Agumba教授は論文で「私たちが開発したストローの機能性は、紙製やプラ製のストローをしのぐものであり、完全自然由来で持続可能なストローの有力候補と言えます」と述べています。
この片栗粉ストローは、95度に達する熱湯の中でも24時間硬さを維持したそうです。また、従来のプラ性ストローと一緒に土壌と木立の中の2カ所に置いて生分解性を調べたところ、2カ月経過しても変化がなかった従来のプラ性ストローに対して片栗粉ストローには分解の兆しが見られたとのこと。自然環境下で生分解するのは素晴らしいですね。
原材料がシート状になっているため、用途に応じて長さや厚みが異なるストローの製造が可能なのだそうです。リグニンとジャガイモ由来のデンプンは、他の生分解性ストローの原材料として使用されるセルロースよりも低コストなので、現在市販されている代替ストローよりも安価になる可能性ありとのこと。
ほぼほぼ石油や天然ガスからつくられているプラスチックだらけの中で、バイオプラスチックが登場すると一瞬ワクワクしますが、それだけで環境にやさしいというわけじゃないんですよね。なんとなく良さげな響きがする「バイオプラスチック」も、実は100%植物由来じゃなくていいんです。たとえば、米コカ・コーラのように植物由来のプラスチックを30%混ぜるだけで「バイオプラ製ボトル」と胸を張れちゃいます。

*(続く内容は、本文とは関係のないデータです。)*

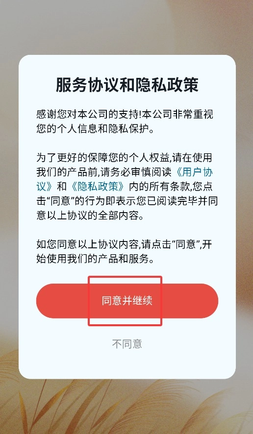 1、首次启动应用时,请点击弹窗中的同意选项,方可进入主界面开始使用。
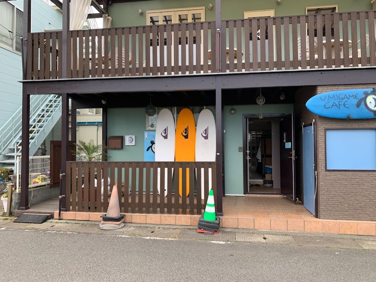小田急「片瀬江ノ島駅」から徒歩3分、海まで1分という好立地にあるteam35は、ベテランインストラクターがサーフィン指導しています。サーフィンの後は、2階にあるカフェで海の幸とビールをどうぞ!レンタル釣り竿のご予約も承ります。

おまけに、バイオプラスチックには従来のプラスチックと同等、もしくはそれ以上に有害な化学物質が含まれているとする研究結果もあります。さらに、バイオプラスチックだからといって、自然環境の中で生分解するとは限りません。多くのバイオプラスチックは、特定の環境条件を満たす産業用堆肥化施設で処理しなければ生分解不可能だったりします。家庭で堆肥化できずに結局埋め立てごみになるなら意味がないような…。
最終的には、現在プラスチックからできているものを、使い捨てじゃなくてリユースやリサイクルが簡単なプラスチック以外の原材料に置き換えるのが、健康と環境にとってより良い選択なんでしょうね。